When "every two adjacent first pixels 111 in all first pixels 111 of two adjacent first pixel groups 110 are electrically connected through one first connection segment 1311", the arrangement order of all first pixels 111 in two adjacent first pixel groups 110 may be determined first, so as to determine which two first pixels 111 are adjacent first pixels 111 and need to be electrically connected through the first connection segment 1311. Specifically, the arrangement order of all the first pixels 111 in two adjacent first pixel groups 110 may be: referring to fig. 6 and 9, the arrangement order of all the first pixels 111 of each first pixel group 110 is determined, and then the arrangement order of all the first pixels 111 of two first pixel groups 110 is determined with one first pixel group 110 as the front and the other first pixel group 110 as the back.

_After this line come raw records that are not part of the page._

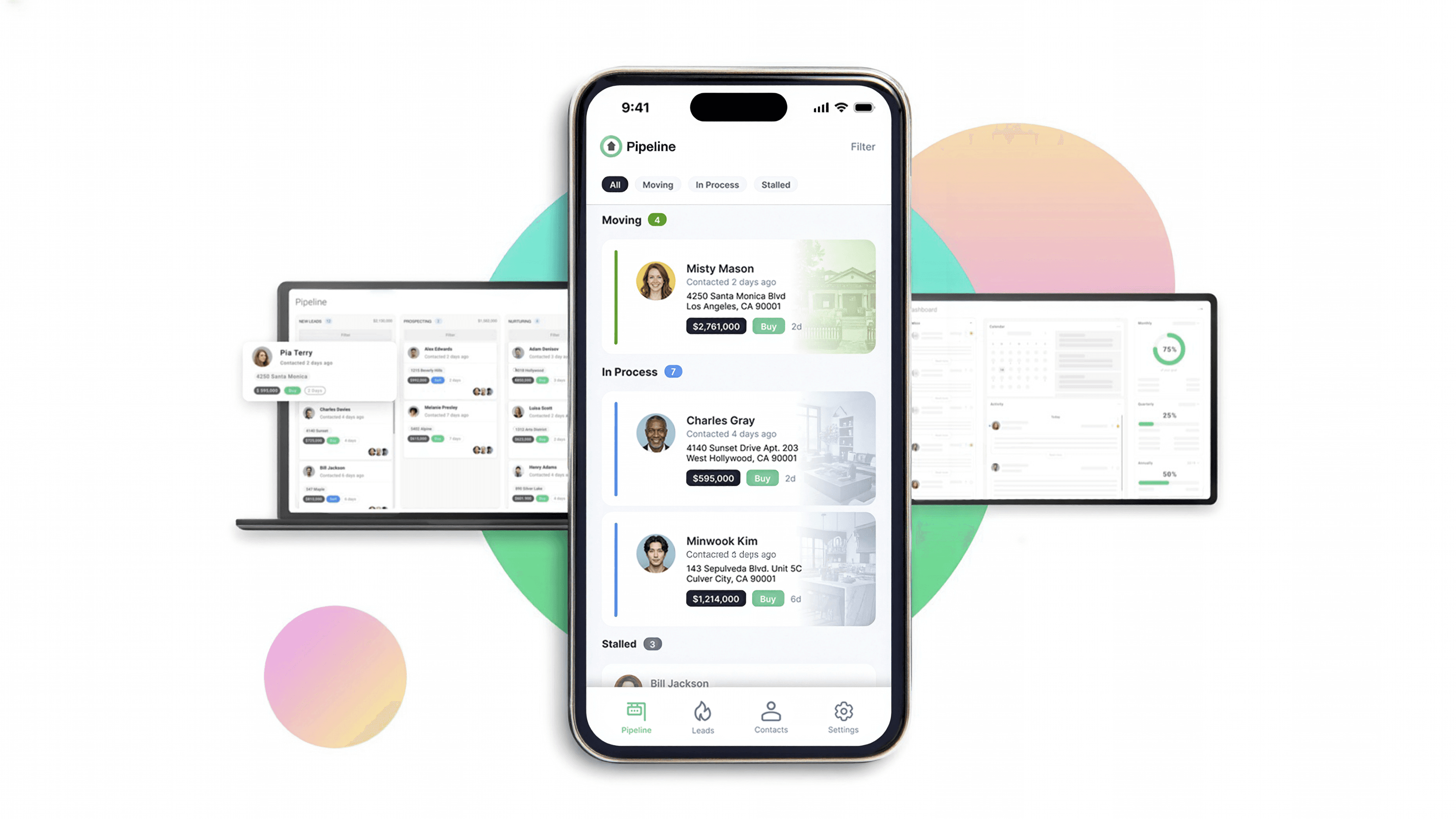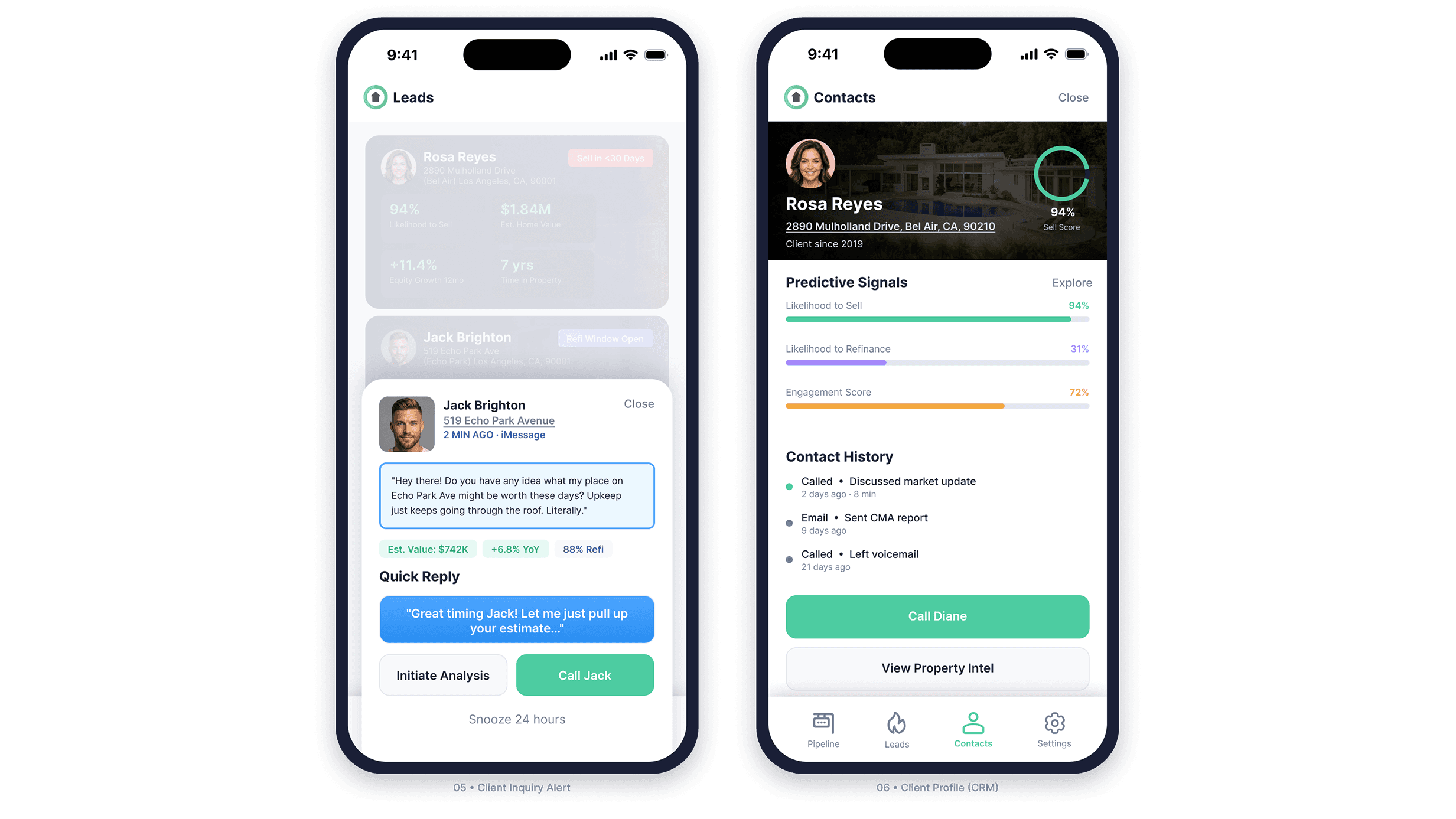 The Leads view is the product's primary intelligence layer. Every contact surfaces with a signal badge categorizing the opportunity type and a 2x2 metric grid carrying the numbers the agent needs to start a conversation. The contact's property appears as a card background. Real estate is emotional. Keeping the home visible keeps the agent anchored to what the conversation is actually about.
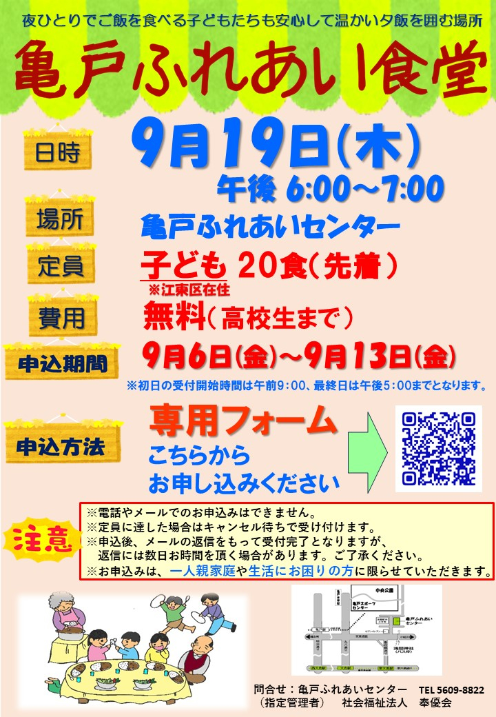 次回の亀戸ふれあい食堂は、9月19日(木)午後6時から午後7時までです★
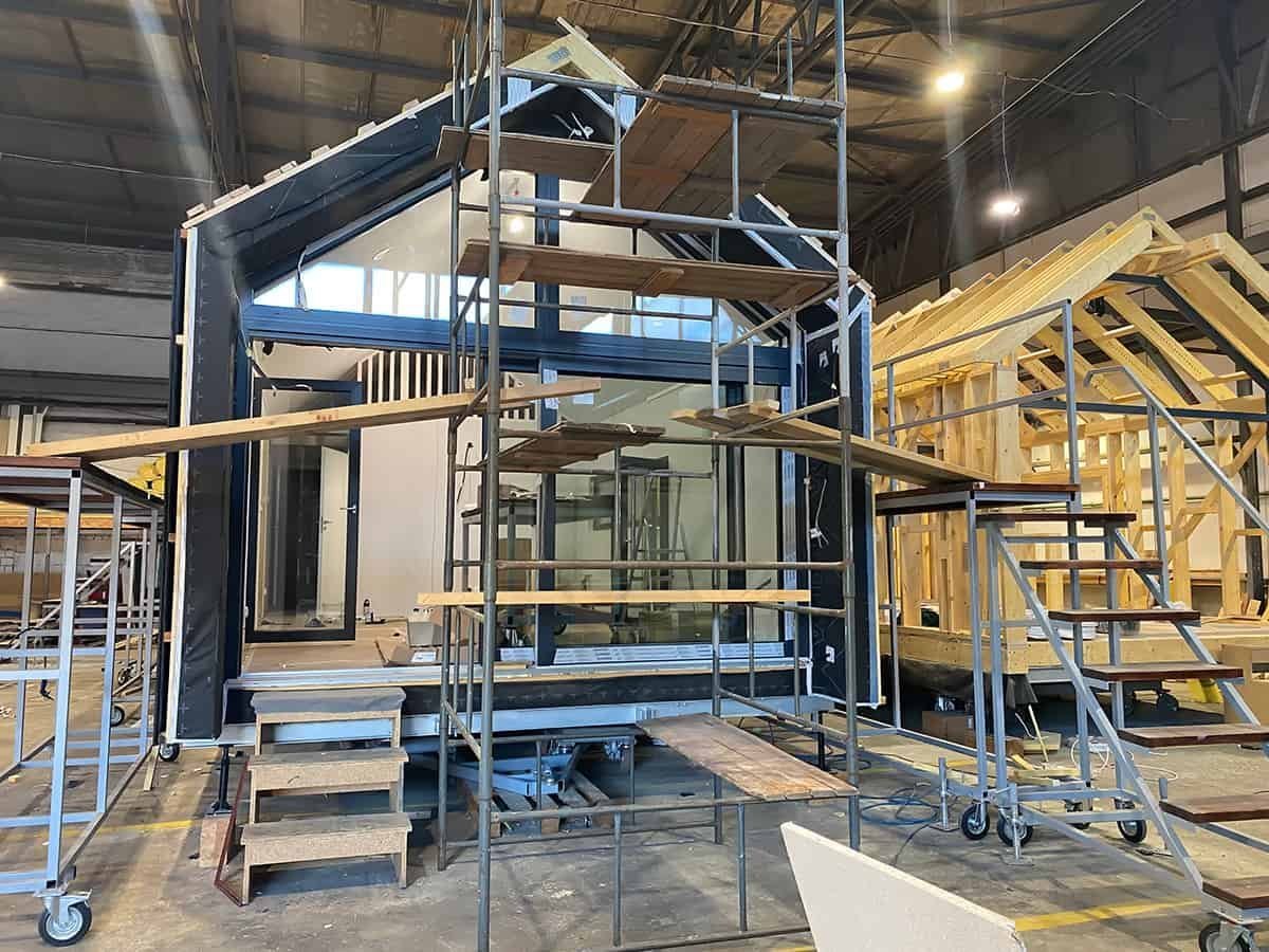 La maison modèle F3  est disponible en trois tailles : version de base 1 ( 13,10 m x 4,2 m ), version 2 ( 13,5 m x 4,2 m) et version étendue 3 ( 14,1 m x 4,2 m). Chaque version (1, 2 et 3) présente un agencement fonctionnel légèrement différent  voir ci-dessous pour la F3). La structure  de la maison se compose de deux modules, chacun doté de son propre plancher inférieur en acier, peint ou galvanisé selon la spécification choisie. Les autres éléments structurels (plancher, murs et toiture) sont réalisés avec une ossature en bois certifié C24. (…)
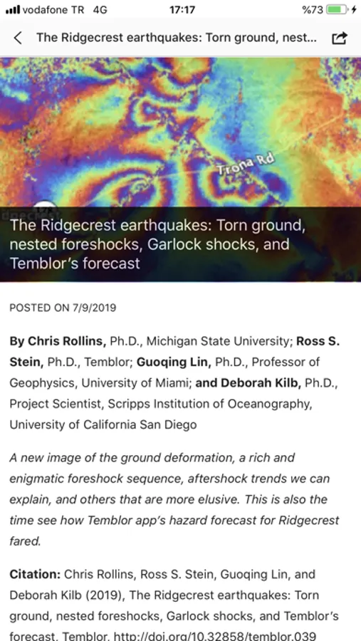 Following major or particularly notable quakes, Temblor rapidly publishes accurate post-event analyses to inform the public and support institutional and commercial responses. Temblor is an approved Google News source and has been cited in major news outlets.
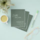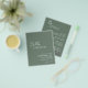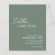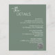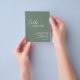 Moderno, verde olivo / presupuesto verde sabio todo en una sola invitación a la boda (impreso en papel delgado de volante - sobres no incluidos) con un diseño simple y mínimo con el nombre de la novia en un guión elegante y el nombre del novio en una fuente contemporánea sans serif. Debajo, en la esquina inferior derecha, están los detalles de los eventos en un diseño minimalista. La parte posterior tiene sus detalles adicionales y el código QR, por lo que puede omitir la tarjeta de gabinete y la tarjeta RSVP.
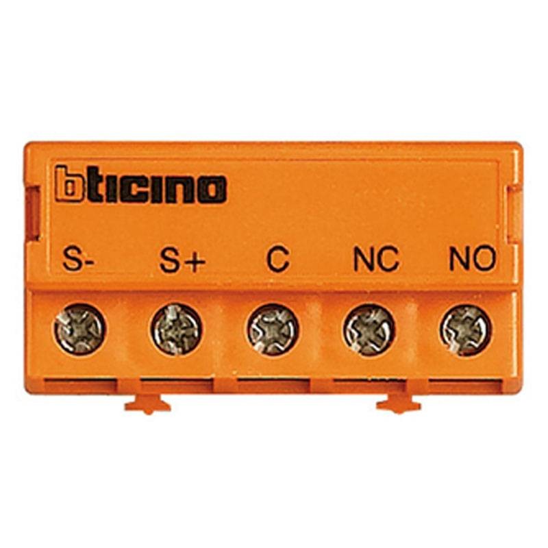 1 relay module for electromechanical locks not managed by BUS (code 346250): Relay module for gate opening to be combined with prearranged external pushbuttons. Allows opening of locks NOT operated by BUS via the door station. Contact type: NO-NC, system type: 2 wires.

The arrangement order of all the first pixels 111 in two adjacent first pixel groups 110 may also be: referring to fig. 4, 5, 7 and 8, all the first pixels 111 in two adjacent first pixel groups 110 are sequentially and alternately sorted along the length direction of the first pixel group 110. For example, along the length direction of the first pixel group 110, the order of the first pixels 111 in the first pixel group 110 is determined as one, the order of the first pixels 111 in the second first pixel group 110 is determined as two, the order of the second first pixels 111 in the first pixel group 110 is determined as three, the order of the second first pixels 111 in the second first pixel group 110 is determined as four, and the process is sequentially performed to the last first pixels 111 according to the rule.

The plurality of first pixel groups 110 may be arranged in the row direction P, and the plurality of first pixels 111 in each first pixel group 110 may be arranged in the column direction Q. All the first pixels 111 of the first display region 141 may be arranged arbitrarily. The plurality of first pixels 111 in the same column among all the first pixels 111 of the first display region 141 may be collectively referred to as one first pixel group 110.

In order to make the brightness of each portion of the first display area 141 relatively uniform after all the first pixels 111 of the first display area 141 are lit, the arrangement of all the first pixels 111 of the first display area 141 may be: referring to fig. 4 to 6, in two adjacent first pixel groups 110, all the first pixels 111 of one first pixel group 110 are staggered with all the first pixels 111 of the other first pixel group 110 one by one.

"in two adjacent first pixel groups 110, all the first pixels 111 of one first pixel group 110 are staggered with all the first pixels 111 of the other first pixel group 110 one by one" may be understood as follows: in two adjacent first pixel groups 110, one first pixel 111 of another first pixel group 110 is correspondingly disposed between two adjacent rows of first pixels 111 of one first pixel group 110, and one first pixel 111 of one first pixel group 110 is correspondingly disposed between two adjacent rows of first pixels 111 of another first pixel group 110. For example, in two adjacent first pixel groups 110, the first pixels 111 of one first pixel group 110 are respectively located in the first row, the third row, the fifth row, and the like, and the first pixels 111 of the other first pixel group 110 are respectively located in the second row, the fourth row, the sixth row, and the like.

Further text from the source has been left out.